In addition to proteins, blood contains numerous other constituents, including secreted vesicles35 and cells. Vesicles are enclosed by the plasma membrane of their source cells and carry proteins, lipids, and nucleic acids. The vesicle membrane displays signaling molecules reflective of the source cell, enabling recognition and communication with distant target cells. Secreted vesicles play key roles in processes such as immune system regulation and neurodevelopment36. Circulating cells, such as leukocytes (white blood cells), are vital to the inflammatory response. However, it is less commonly recognized that the brain relies on molecular signals from specific leukocyte subtypes, for healthy functioning37,38,39. Circulating cells are readily accessible and thus can be used as proxies for specific biomarkers of health status. For example, the fatty acid content of red blood cell membranes is used to measure omega-3 levels40. Additionally, circulating leukocytes are a common source of nucleic acids for DNA, transcriptome, and microRNA analyses.

Promising biomarkers

This review highlights findings from schizophrenia and clinical high-risk (CHR) studies that support our plans to use polygenic scores as biomarkers of genetic risk and salivary cortisol as a biomarker of hypothalamic-pituitary-adrenal axis dysfunction. We also review blood proteomic studies in schizophrenia and CHR populations. While no single blood proteomic biomarker has been identified to reliably distinguish CHR individuals who transition to psychosis from those who do not, only a small portion of the blood proteome has been explored to date. Here, we present our rationale for utilizing next-generation multiplex affinity assays, which are capable of measuring thousands of blood proteins not yet studied in CHR cohorts. We also discuss other promising biomarkers, including those involved in redox balance and related mechanisms, that merit further study.

Genomics

Evidence of a genetic contribution in schizophrenia is extensive; first-degree relatives of probands with schizophrenia are at increased risk (relative risks for schizophrenia range from 8.55 to 12.8 (parent 9.43, offspring 9.7–12.8, full siblings 8.55–9))41,42,43,44. The heritability of schizophrenia is estimated to be high (pedigree- ~0.63–0.6742,43,45, twin- ~0.57–0.81. 46,47,48,49). The genetic architecture is polygenic, with contributions from common (single nucleotide polymorphism (SNP)-based heritability estimates ~0.23–0.3248,49) and rare variants50,51,52,53,54, rare copy number variations55,56, and de novo mutations57,58. A polygenic score (PGS) captures the contribution of many risk alleles across the genome and has been applied in schizophrenia research59; the PGS difference between schizophrenia cases and controls has been robustly reproduced50,60. Genetic risk factors point to causal factors in contrast to all other biomarkers which may reflect cause or consequence of disease onset. Patients in the top decile of PGS distribution have 10-fold higher schizophrenia risk than those in the bottom decile60. PGS for schizophrenia was higher among CHR converters than nonconverters or unaffected controls, while there is no consistent difference between nonconverters and unaffected controls61. In addition, polygenic risk for attention deficit disorder was elevated in persons meeting CHR criteria62.

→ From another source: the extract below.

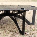 脚に天板を載せるのですが、ただ載せるだけじゃありません。脚の先端にスリットが入っていて、そこに天板の突起を差し込みます。脚と天板のこの形状、じつに芸が細かい! それにこの位置を持てばテーブル全体を持ち上げられるんです。

Large-scale schizophrenia genetic studies primarily involve populations of European ancestry, while studies of those of Asian and Black/African American ancestry trail behind50,63,64,65. While it might seem reasonable to assume that the common causal risk variants are ancient and shared across ancestries, in fact the correlation structure in genomes differs between ancestries, reflecting population history events66. Hence, the PGS predictive power differs for patients of different genetic ancestries. Method development to improve translation of PGS across ancestries is an active area of research67,68. The AMP®SCZ study includes participants of diverse ancestry, and so we propose to use the Blended Genome Exome (BGE) assay, recently developed at the Broad Institute. It is a cost-effective approach to capturing genetic diversity that blends high-pass sequencing of protein-coding and low-pass sequencing of nonprotein-coding regions69.

Hypothalamic-pituitary-adrenal axis dysfunction

Stressors, both physical, such as inflammation and injury, and psychological stimulate the release of corticotropin-releasing hormone from the hypothalamus. This, in turn, triggers the pituitary gland to secrete adrenocorticotropic hormone into the bloodstream, which prompts the adrenal glands to release cortisol into circulation70. Circulating cortisol enters the brain through passive diffusion71 and activates glucocorticoid receptors in hypothalamic and hippocampal neurons, providing negative feedback that dampens further corticotropin-releasing hormone release. Chronic stressors may result in prolonged HPA hyperactivity leading to an adaptive reduction in sensitivity of glucocorticoid receptors, reducing the cortisol responses to stress72.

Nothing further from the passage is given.